- _WHAT IS REQUIRED_
Exactly as written, reproduce the lines from the beginning of the data through the line containing "Kuukausittaiset aamukaffit vuonna"; the pictures are not reproduced.

Entries taken from a collection:
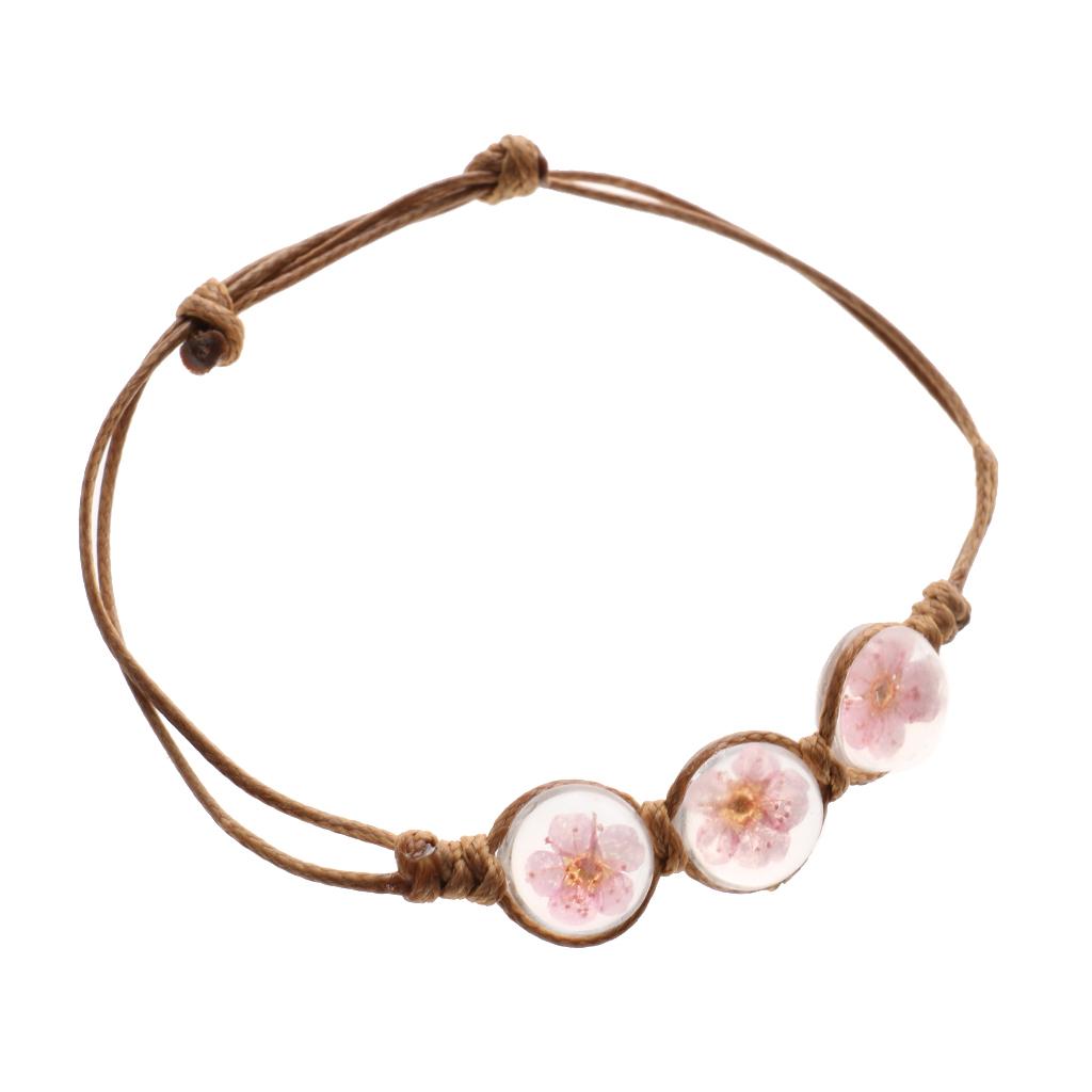 Fashion Women Pink Glass Dried Flower Bracelet Bangle
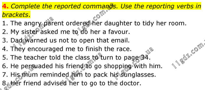 4. Complete the reported commands. Use the reporting verbs in brackets. 1. The angry parent ordered her daughter to tidy her room. 2. My sister asked me to do her a favour. 3. Dad warned us not to open that email. 4. They encouraged me to finish the race. 5. The teacher told the class to turn to page 34. 6. He persuaded his friend to go shopping with him. 7. His mum reminded him to pack his sunglasses. 8. Her friend advised her to go to the doctor.
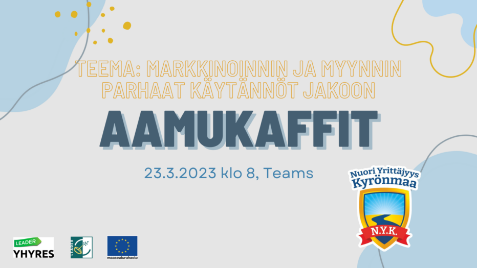 Kuukausittaiset aamukaffit vuonna 2023 järjestää Nuori Yrittäjyys Kyrönmaa -hanke.
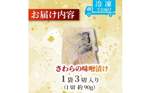 - 【先行予約】鰆の味噌漬け 3切れ さわら サワラ みそ味噌 漬け 切り身 漬け魚 和食 魚 焼き魚 西京漬け 冷凍 ふっくら 味噌の旨味 手仕込み 漬け込み 香ばしい ごはん 食卓 ご家庭 食欲 促進 国産 手造り 定食 焼くだけ 時短 家庭用 夕食 晩御飯 魚 魚類 真空パック ふっくら しっとり 甘め 濃すぎない 上品な味 簡単 おかず 簡単調理 末広飯店 風来坊 静岡 県 牧之原 市
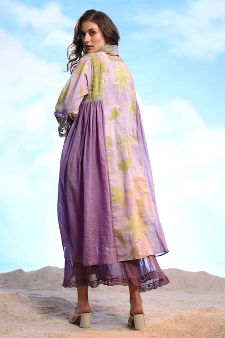 Lavender cotton flared tunic featuring a V neck and three-quarter sleeves. Paired with a long frilled inner and a stole, both in a matching hue.

- _ANSWER SECTION_
 Fashion Women Pink Glass Dried Flower Bracelet Bangle
 4. Complete the reported commands. Use the reporting verbs in brackets. 1. The angry parent ordered her daughter to tidy her room. 2. My sister asked me to do her a favour. 3. Dad warned us not to open that email. 4. They encouraged me to finish the race. 5. The teacher told the class to turn to page 34. 6. He persuaded his friend to go shopping with him. 7. His mum reminded him to pack his sunglasses. 8. Her friend advised her to go to the doctor.
 Kuukausittaiset aamukaffit vuonna 2023 järjestää Nuori Yrittäjyys Kyrönmaa -hanke.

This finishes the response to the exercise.